4.2.1 Developing Assertiveness

Hello again, welcome to the Work Ready guide on Developing Assertiveness. You now have an understanding of what it means to be assertive, so let's move our focus to how to be assertive. In this section, we're going to be looking at practical methods and tools you can use to develop your assertiveness. Always remember that being assertive is a skill and, as with all skills, it will take you some time to master. In the same way that you would train to run a marathon, don't think you can do it all at once but rather focus on building up slowly, and training yourself over time. We're going to start by looking at two key behaviours that you can being to practise right away to help you build up your assertiveness - beginning with how starting small.

Start small. In order to become more assertive, start small by practicing your skills in situations in which you feel most comfortable, or those for which you are able to practice in advance, and build yourself up in stages. For example, you can probably safely assume that someone will cut in front of you in a queue at some point during your life, so why not take some time to think about how you will react next time that happens? Think about what you currently do, and what you should do in order to assert yourself. Small by taking some time to rehearse the words you will use the next time it happens, and your tone and delivery so you're ready to put it into practise when you need to! Practice in front of a mirror, practice out loud or do it in your head, and just get comfortable with using assertive language and gestures. It may seem a little odd but you will quickly get used to it! Once you are comfortable using this technique with yourself, try using it with a friend. It's easy to be assertive in your head but getting comfortable with using assertive language and behaviour in real life can take some time, and being able to bounce practise with a friend can be really helpful. Once you become more comfortable with being assertive, you'll find that it becomes second nature.

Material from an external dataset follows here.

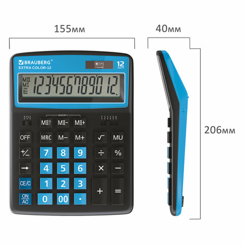 Калькулятор настольный BRAUBERG EXTRA COLOR-12-BKBU (206x155 мм), 12 разрядов, двойное питание, ЧЕРНО-ГОЛУБОЙ, 250476

Learn to say no. Another really important part of being assertive is being able to say no when saying no is what feels right to you. People worry that saying no is selfish. It's not, actually, setting healthy limits is critical to having healthy relationships and a key part of being assertive. There is nothing more likely to undermine your sense of self and your inherent confidence that feeling like you are obliged to do something that you really don't want to do. It's disempowering and makes us feel helpless or out of control. By saying no, you're expressing what your limits are and that's an important step in order to be true to yourself and build confidence.